Publications 2014

300 Development across the Lifespan: A Systematic Review and Meta-Analysis

 

Background:  The P300 component of the event-related potential is a large 
positive waveform that can be extracted from the ongoing 
electroencephalogram using a two-stimuli oddball paradigm, and has been 
associated with cognitive information processing (e.g. memory, attention, 
executive function). This paper reviews the development of the auditory P300 
across the lifespan.

Methodology/Principal Findings:  A systematic review and meta-analysis on the P300 was performed including 75 studies (n = 2,811). Scopus was searched for studies using healthy subjects and that reported means of P300 latency and amplitude measured at Pz and mean age.
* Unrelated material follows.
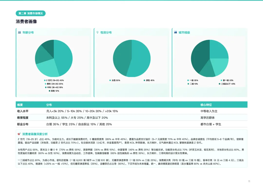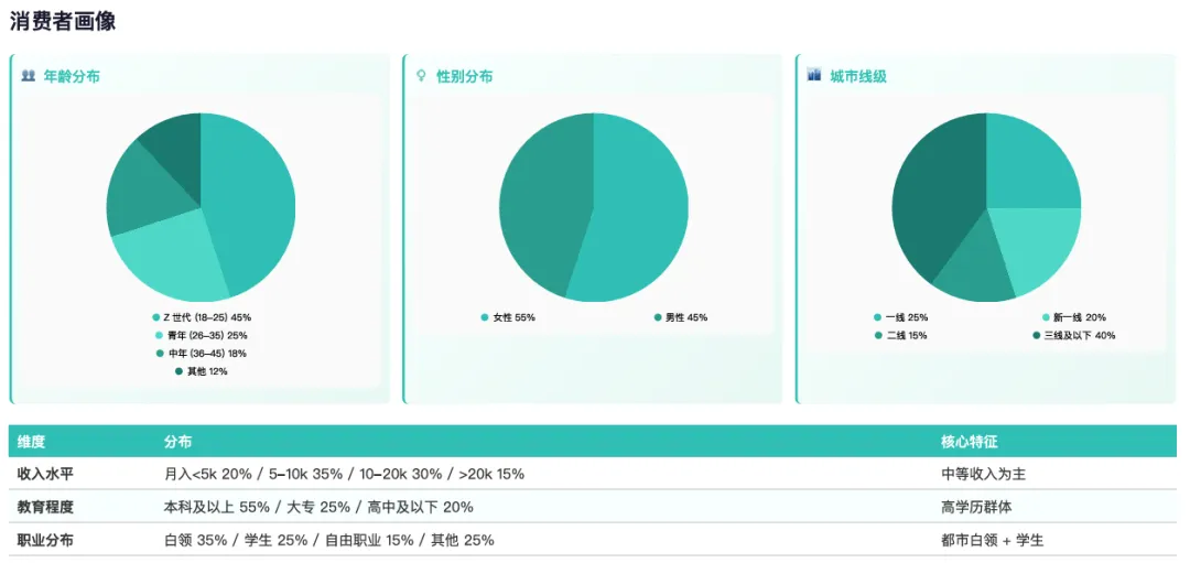 1. 消费者画像:Z世代主力,女性占比55%,一二线占60%

These findings were validated in an independent, existing cross-sectional dataset including 1,572 participants from ages 6–87. Curve-fitting procedures were applied to obtain a model of P300 development across the lifespan. In both studies logarithmic Gaussian models fitted the latency and amplitude data best. The P300 latency and amplitude follow a maturational path from childhood to adolescence, resulting in a period that marks a plateau, after which degenerative effects begin. We were able to determine ages that mark a maximum (in P300 amplitude) or trough (in P300 latency) segregating maturational from degenerative stages. We found these points of deflection occurred at different ages.

Conclusions/Significance:  It is hypothesized that latency and amplitude 
index different aspects of brain maturation. The P300 latency possibly 
indexes neural speed or brain efficiency. The P300 amplitude might index 
neural power or cognitive resources, which increase with maturation.